The water tower has long been a symbol of a city. However, 25-percent of those towers in Oklahoma stand empty. With the expense of fixing the water towers being half a million or more, towns need help to afford the upkeep or renewal they need to keep them in use.

Thursday, August 10th 2023, 8:51 am



The water tower has long been a symbol of a city. High above nearly every town, the tanks have always been much more than water storage. They are reliable systems that give residents, businesses & firefighters adequate, high-pressure H20.

They are also iconic and the first thing you usually see when driving to a city. But 25-percent of those towers in Oklahoma stand empty.

With the expense of fixing the water towers being half a million or more, towns need help to afford the upkeep or renewal they need to keep them in use.

In the town of Ripley, the demand to fix the once-in-use water tower would be $700,000 or more to repair, according to Mike Cokriel with the City of Ripley's Utility Department.
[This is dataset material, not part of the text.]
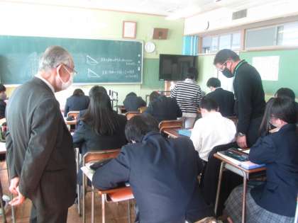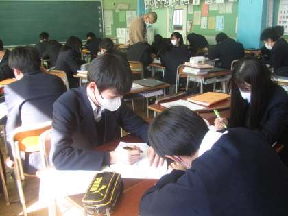 どのクラスもよく取り組んでいます。授業態度が市の学力調査にも表れています。上位層が増え、苦手な生徒の割合が減ってきています。モチベーションを上げられるよう、先生たちがいろいろな工夫をしていました。

He said their structure is in question due to time, rust and holes being shot in it.

Okemah's Hot & Cold water tower icons were dismantled due to lack of funding to restore the aging structures.

The Mayor of Blanchard, Michael Scalf, shares the same concern for their oldest water tower's price, except it's a need more than a want for the town of Blanchard.

"The main problem is Blanchard has grown so much. We need more water," said Scalf.

According to Scalf, in 1926, the price tag to refurbish their 100-year-old water tower would cost upwards of $1.5 million. Three of the tanks in town are reserve tanks for city water. Even with 30 wells to pull from, that wasn't cutting it.

Even though the tanks might not be in use as intended, cities across Oklahoma are finding ways for their water towers to remain a monumental part of their communities.

In the neighboring city of Norman, they use their water tower for a more fitting job; a job fit for a champion.

According to Joe Seiter of Dunham Engineering, Norman started rehabbing water towers years ago. 

A water tower once used for supplying potable water to the locals, now houses the brown water for keeping up Owens Field where the Sooner football team plays and the field that the University of Oklahoma Sooner Softball Champs use daily, just to name a few.

Now, some of the towers serve as cell phone towers or remain the same as in the town of Perkins, where the words "Home of Pistol Pete" remain intact on the town's water tower after getting a face lift.

Celina, Texas not only had theirs repainted, but added color-changing lights to the catwalk.